Review FocusHuman-Written CodeAgent-Generated Code
Syntactic correctnessAssumedMust verify
Semantic correctnessPrimary focusPrimary focus
Consistency with codebaseAssumedMust verify explicitly
Test coverageCheck for gapsGenerate missing tests
DocumentationCheck for clarityRegenerate if unclear
Edge case handlingSpot checkExhaustive check

The key difference is that you cannot assume consistency. An agent might generate code that works in isolation but violates invariants elsewhere in the codebase. You need to check:

  • Does this parser handle the same edge cases as other parsers?
  • Does this error message follow the project’s style guide?
  • Does this optimization respect the memory model?

Potential Failure Modes in Language Implementation

Based on compiler architecture patterns, watch for these failure modes when agents generate compiler code. These are not specific findings from Klabnik’s Rue development but general principles that apply to agentic compiler work:

Silent semantic violations: The agent generates code that type-checks and passes unit tests but violates a semantic invariant.

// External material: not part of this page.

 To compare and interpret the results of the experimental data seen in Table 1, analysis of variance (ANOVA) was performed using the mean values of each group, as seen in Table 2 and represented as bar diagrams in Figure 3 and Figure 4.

For example, a type inference function that produces correct types for common cases but fails on recursive types.

Inconsistent error handling: The agent generates error messages that are technically correct but inconsistent with the rest of the compiler. Users see different error formats depending on which part of the compiler caught the issue.

Missed optimization opportunities: The agent generates straightforward code that works but misses domain-specific optimizations a human would apply. For example, a naive AST traversal instead of a visitor pattern with memoization.

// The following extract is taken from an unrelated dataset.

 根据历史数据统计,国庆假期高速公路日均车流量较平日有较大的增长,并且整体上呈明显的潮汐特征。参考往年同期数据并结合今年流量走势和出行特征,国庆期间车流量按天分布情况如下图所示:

Test coverage gaps: The agent generates tests for happy paths and obvious edge cases but misses subtle interactions between language features. For example, testing closures and testing generics but not testing generic closures.

Observability for Agentic Workflows

If you’re using agents to generate compiler code, you need observability into the generation process. These are general principles for tracking agentic contributions:

  • Track which functions were agent-generated versus human-written
  • Log agent prompts and responses for reproducibility
  • Measure test coverage separately for agent-generated code
  • Flag semantic review checkpoints in commit messages
  • Maintain a decision log for architectural choices

This is not just for debugging. It’s for understanding which parts of your codebase are stable and which parts might need rework as the agent’s capabilities improve.

Technical Verdict

Klabnik’s experience with Rue demonstrates that agentic coding can accelerate language implementation when you have clear architectural constraints you can articulate precisely. The workflow requires strong semantic review processes because agents excel at generating syntactically correct code that may still violate domain-specific invariants.

Use it if:

  • Your language grammar is stable and you can write formal specs for parser behavior
  • You have a strong type system with documented invariants that can be checked mechanically
  • Your team has deep compiler expertise to review generated code for semantic correctness
  • You need to accelerate boilerplate implementation (AST nodes, visitor patterns, test scaffolding)
  • You can maintain clear separation between architectural decisions and implementation details

Avoid it if:

  • Your type system is still evolving or relies on undocumented semantic invariants
  • Your language design is exploratory and you’re still discovering what the right abstractions are
  • You lack the expertise to distinguish between code that compiles and code that respects language semantics
  • Your project depends on subtle optimizations or domain-specific patterns that are hard to specify
  • You need tight coupling between design exploration and implementation feedback

The fundamental boundary remains: agents accelerate implementation once you know what you’re building, but they cannot replace the architectural judgment that defines what a language should be.